但他们不是愚蠢的农夫,傅南雪也不是那只送上门的兔子。
所以孩子们直接守在原点了。
早知道一开始就应该拒绝他们的,或者在游戏开始前周旋。
但现在有些晚了。
那就只能硬刚了。
傅南雪看着周围的一圈孩子,手心悄无声息地冒出来一点火花。
还没等傅南雪动手,他就看到阿桂的脸色突然一变。
像是感受到了什么可怕的事情,阿桂突然抬头往傅南雪身后望去,一双手也放开了,一张纯真稚嫩的小脸上此刻被阴狠愤恨的情绪写满,白净的皮肤也隐约有裂开的倾向。
随着阿桂的动作,其他孩子也一个接一个放开了傅南雪往后看去,脸上是如出一辙的愤怒。
好机会。
傅南雪猛地往边上一扭,灵活地往人群外冲去,几个小的没想到已经被视为囊中物的猎物还有反抗的心思,又集体被不知名的玩意儿吸引了目光,一时没有防备,竟真被傅南雪冲出了包围圈。
脱出人群的一瞬间,傅南雪顾不上转身观察情况,手里快速凝聚出一团火焰。看也不看就往后丢去。
他大概是丢中了什么,反正是听到了几声痛呼,大概还有几声怒吼,但他根本不敢停下来,因为一个阴恻恻的声音出现在了他的身后。
“小哥哥。”
居然反应这么快。
傅南雪心里暗骂了一句,加快了脚步。
阿桂紧紧跟着。
傅南雪能感受到身后那道目光如同跗骨之疽般一直注视着他,阴冷怨毒的目光就好像要实质化一般,好似要把目光凝视之处灼烧穿透。但他完全听不到背后的脚步声,甚至听不到一点呼吸声。
“哥哥,你跑什么?”周围的光线太暗了,傅南雪眯着眼睛有些看不清路,前方出现了一个岔路。看到岔路口,他不自觉放慢了速度,下一秒,一双惨白的手从背后环上来,一个冰凉的身体贴在了傅南雪的后背,与此同时,阿桂冰冷而怨毒的声音响起。
阿桂说话的时候,呼出的冷气直直拍打在傅南雪的背上。已经被抓到了,再跑也没有意义。傅南雪干脆停了下来,低头看着环住自己的一双手。
还没进入墓园时,阿桂为了吓他,整只手的血肉掉了一地,只剩一副骨架子。现在这双手已经恢复了正常,只是惨白的肤色,隐约可见的青黑色的血管,随着阿桂情绪激动而闪现的裂痕,无不明晃晃的显示着,这双手的主人已经不是一个正常的人类了。傅南雪轻轻拍了拍这双手,示意阿桂放开,然后转身正对着阿桂。
“为什么要跑呢?”阿桂呢喃着,语气委屈得像是被主人抛弃了的小动物:“我们对你不好吗?为什么要想着离开我们!”
阿桂质问着,语气越来越激动,这回不仅是手,连脸上也出现了裂痕。
“为什么?为什么!为什么要抛弃我们!”
看着阿桂身上的血肉又开始往下掉,手掌又变成了锋利的白骨,傅南雪顿了一下,盯着阿桂的手:“没跑。”

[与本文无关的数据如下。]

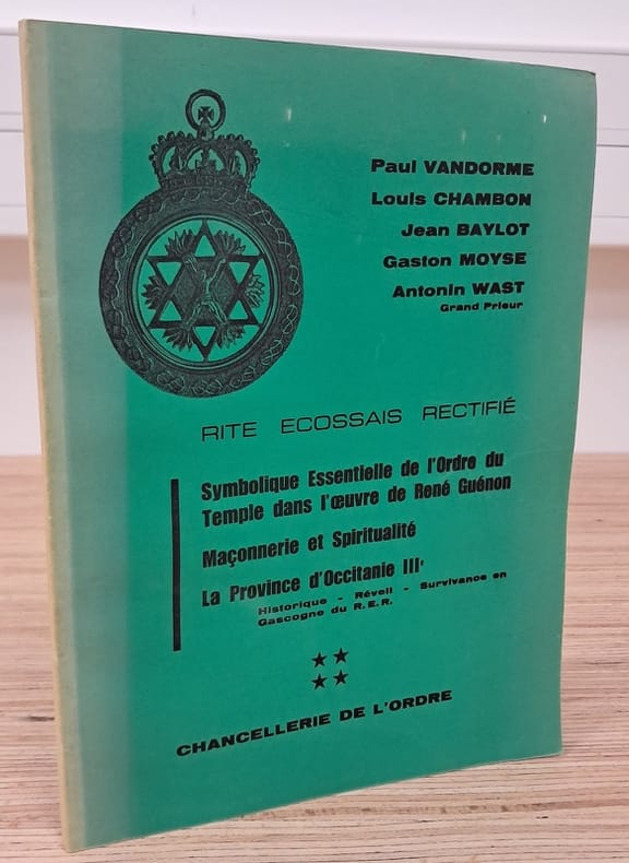 Paris, Dervy-Livres, 1979. In-8 br., 328 pp., figures en noir dans le texte, planches en couleur présentant les emblèmes des 33 degrés du rite écossais. Table des noms, bibliogr. Edition originale.

阿桂白骨化的进度停了一下,很快又继续,只是速度慢了一些。
“那小哥哥是要去哪儿?”阿桂冷笑着,一边用她浅粉的眼睛打量着傅南雪,一边比划着,似乎是在考虑该从哪里下爪比较好。
“不是你们说的吗?”傅南雪强装镇定:“不是在玩捉迷藏吗?”
阿桂歪了下头,刚好脑袋侧面掉了一块皮肉,傅南雪好像在她一头的白头发之间看到什么粘稠的液体流了出来。
傅南雪:……
有点恶心。
他强忍着恶心,平静地看着阿桂:“我抓到你们了,接下来不是你们来抓我吗?我不是要藏起来?”

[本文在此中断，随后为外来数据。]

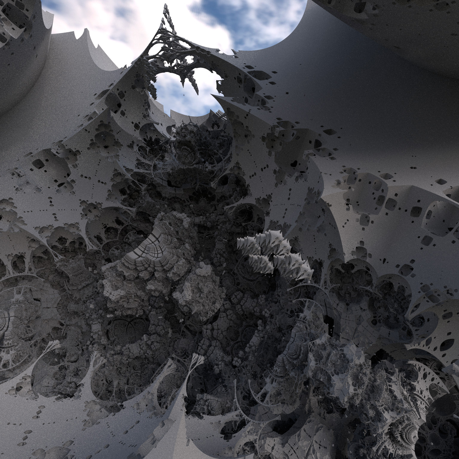 Cackle uses sphere tracing to render 3D fractals like the Mandelbox, Mandelbulb and Pseudo-Kleinian Menger. Each fractal is represented using a distance estimator (DE) function. Given a point in 3D space, the DE returns the closest distance from the fractal's surface to that point. Material color is accomplished through the use of orbit traps.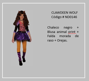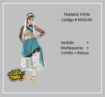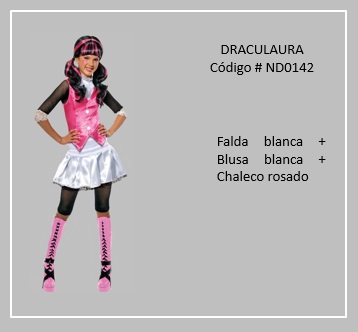 Esta es una historia de fantasía en la cual monstruos que supuestamente vivían a escondidas, incluso unos de otros, pensando que estarían en peligro si los humanos se enteraban que existían. Pero, los personajes de Draculaura, hija de Drácula, y sus monsters-amigas soñaron con un colegio donde todos eran bienvenidos y respetados. Con el firme propósito de ver su sueño hecho realidad, las monstruitas le dan la vuelta al mundo en una aventura épica para reclutar a nuevos estudiantes. Pero cómo siempre sucede en las historias hay drama: una zombi villana está decidida a crear problemas en lugar de promover la amistad, y todo estudiante vive con el temor de que su secreto será descubierto. Ahora, las monstruitas tienen que salvar su escuela para que todo monstruo tenga un lugar donde se sienta bienvenido y donde sus diferencias monstruosas sean celebradas. Para visualizar disfraces de este tema, desplaza el puntero del mouse por sobre las diapositivas y haz clic en una de ellas, luego si deseas visualizar otros trajes, retroceder o avanzar con las flechas. Para volver a la página haz clic en el signo X en la esquina superior derecha.

阿桂听了傅南雪的话,没有反应,只是死死盯着傅南雪的眼睛。也不知道对方信了没有,傅南雪尽力保持眼底的平静,回应对方探究的视线。
“这样啊。”阿桂突然笑了,看来是相信了傅南雪的话,她身上的血迹一下子消失了,整只鬼又变回了乖巧无害的样子,就像先前在墓园门口的时候一样。
她老样子撒娇般抱住傅南雪的腰:“小哥哥,你怎么不说一声呀,害得阿桂都误会了。”她对着傅南雪露出了一个无害的笑容:“阿桂没有吓到小哥哥吧。”
傅南雪:“……没有。”
“可是小哥哥都不摸阿桂的脑袋了。”阿桂委屈极了,一双眼睛水灵灵的,好似蒙上了一层水雾。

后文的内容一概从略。